I hope you are ready to live in a one-way open marriage. Seems like you have been since 2007, and have no intentions to stop it. So might as well get use to it. 
Because until you nut up, your situation won't change.


----------



## Acoa (Sep 21, 2012)

You know she is lying. She knows you know and still denies. 

What are your options?

1. Stay
2. Leave 
3. Kick her out

Those are the options you can control. Your WW determines what happens after that. So far you are on option 1. How is it working?


----------



## ing (Mar 26, 2011)

If you love something, set it free..

You need to allow yourself to be free before any form of Reconciliation can even begin.

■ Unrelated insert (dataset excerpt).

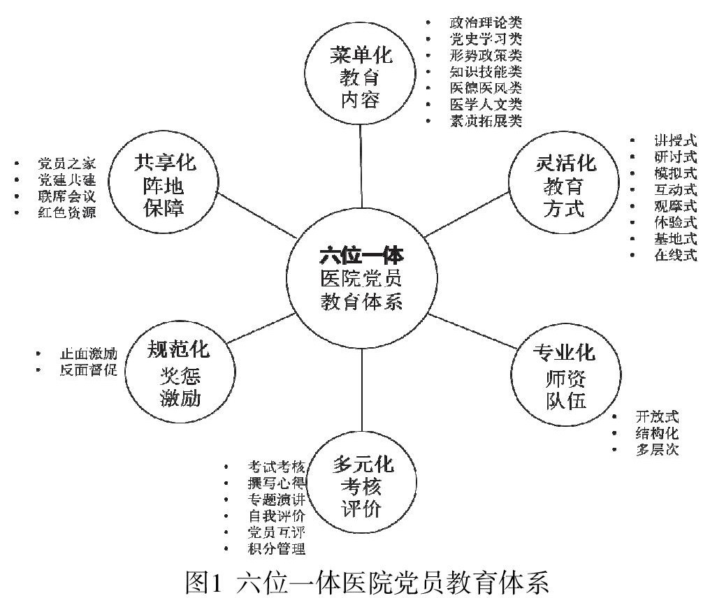 具体推进时应把握好三条原则:一是突出根本遵循。构建医院党员教育体系要以《中国共产党章程》《党员教育管理工作条例》《2019-2023年全国党员教育培训工作规划》等为根本指南,以社会主义核心价值观为根本主线,把学习贯彻习近平新时代中国特色社会主义思想作为首要政治任务,从理论和实践两个方面入手,规范、系统地展开对党员的教育。二是突出行业特色。构建医院党员教育体系要以“1+2”文件为基准,要充分体现医院行业特点,符合医院党员工作实际,洞悉党员思想动向,契合党员基本需求。三是紧跟时代发展。构建医院党员教育体系要正视信息化环境下的全新意识形态给医院党员教育工作创新及严肃性带来的机遇和挑战,创新教育理论、内容、方法、力量、工作运行和制度机制,引导广大党员吸纳、学习并认同教育的内容。从调研访谈情况来看,可以通过构建一套教育内容菜单化、方式灵活化、队伍专业化、评价多元化、激励规范化、阵地共享化相融合的六位一体的新时代医院党员教育体系(见图1)。

End the MC. It is a waste of time.
Attend Individual counsling.
Expose the cheating to family and friends
Start building a life which is independent of her. She has!


----------



## Shaggy (Jul 17, 2011)

You don't want to hear run or diviorce, so

My advice is to accept that your wfe chose without guilt or remorse to have sex many times with another man. She has shown neither remorse nor guilt, which means she has neither love nor respect for you.

So since you are unwilling to leave someone who doesn't love you, doesn't repesct you, and has no guilt over cheating on you, my advice is to accept it and get used to it because it will happen again.


----------



## Shaggy (Jul 17, 2011)

H, one other suggestion set:

1. Post the OM on cheaterville.com
2. Take the evidence you have and send it to the OMW
3. Exposé the affair including evidence to family and close friends.


----------



## confusedFather (Jul 15, 2012)

The most important prerequisite of successful R is the cooperation of the WS. If she is not cooperating you will stay angry and, as cedarman said, it will fester and poison everything.

You need to be more proactive and not wait for her to do the right thing. Have you told her family, friends, OM's wife, co-workers etc. Perhaps fear of others finding out is allowing her to cling to lies. If everyone already knows what she's done she may be more willing to work with you.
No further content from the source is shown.